Depending on the number of adjacent grids of the primary cluster c1, the substep 342 may result in one or more second modularity degrees Q2.
In sub-step 343, apparatus 100 may determine at least one modularity difference Δ Q = Q2-Q1 between the at least one second modularity Q2 and the first modularity Q1.
In sub-step 344, device 100 may determine a maximum modularity difference max { Δ Q } of the at least one modularity difference Δ Q and update primary cluster c1 to include a neighboring grid corresponding to the maximum modularity difference max { Δ Q } in sub-step 345.
In such an embodiment, since the maximum modularity difference max { Δ Q } is not always a positive value, there is a case where the modularity of the primary cluster c1 is rather lowered after adding the adjacent grid corresponding to the maximum modularity difference max { Δ Q } to the primary cluster c 1. To this end, in some embodiments, in sub-step 345, it may be further determined whether the maximum modularity difference max { Δ Q } is greater than zero, and the neighboring grid corresponding to the maximum modularity difference max { Δ Q } may be added to the primary cluster c1 only if the maximum modularity difference max { Δ Q } is greater than zero.
The device 100 may traverse the plurality of grids obtained in step 310 using a modularity-based community discovery algorithm in the manner shown in fig. 6 to generate a plurality of primary clusters.

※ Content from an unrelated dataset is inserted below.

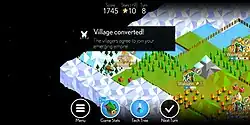 Each player begins with a small settlement and a unit that they can use to explore the world map.[3] On their turn, players can move all of their units and spend a resource called stars.[5] Cities generate stars,[2] which can be spent to unlock new abilities on the technology tree, create more units to wage war, or collect materials to upgrade cities and allow them to support more soldiers.[3][5] Upgrading cities allows the player to choose between one of two benefits, such as allowing the settlement to generate extra stars every turn, or send out a messenger that explores the map.[5][6] Players gain new cities by conquering villages at set points around the world.[3]

In some embodiments, the plurality of primary clusters thus obtained may be the final result of step 340, and the cluster label to which each grid belongs may be determined according to which primary cluster the grid belongs. FIG. 7 illustrates a schematic diagram of a primary cluster generated according to some embodiments of the invention. As shown in FIG. 7, after traversing the sub-steps 341 through 345 described above for all grids, all nodes in the footprint graph 500 shown in FIG. 5 are clustered into two primary clusters, namely a first primary cluster 510 and a second primary cluster 520, wherein the first primary cluster 510 comprises grids 100 and 101, 100 and 103, and 99-102, and the second primary cluster 520 comprises grids 50-54 and 1-1.
In other embodiments, the plurality of primary clusters obtained as described above are considered the result of a preliminary clustering of a plurality of grids in the geographic area 200, i.e., a plurality of small communities of the geographic area 200 are generated. Step 340 may also include further clustering of these small communities to produce larger communities.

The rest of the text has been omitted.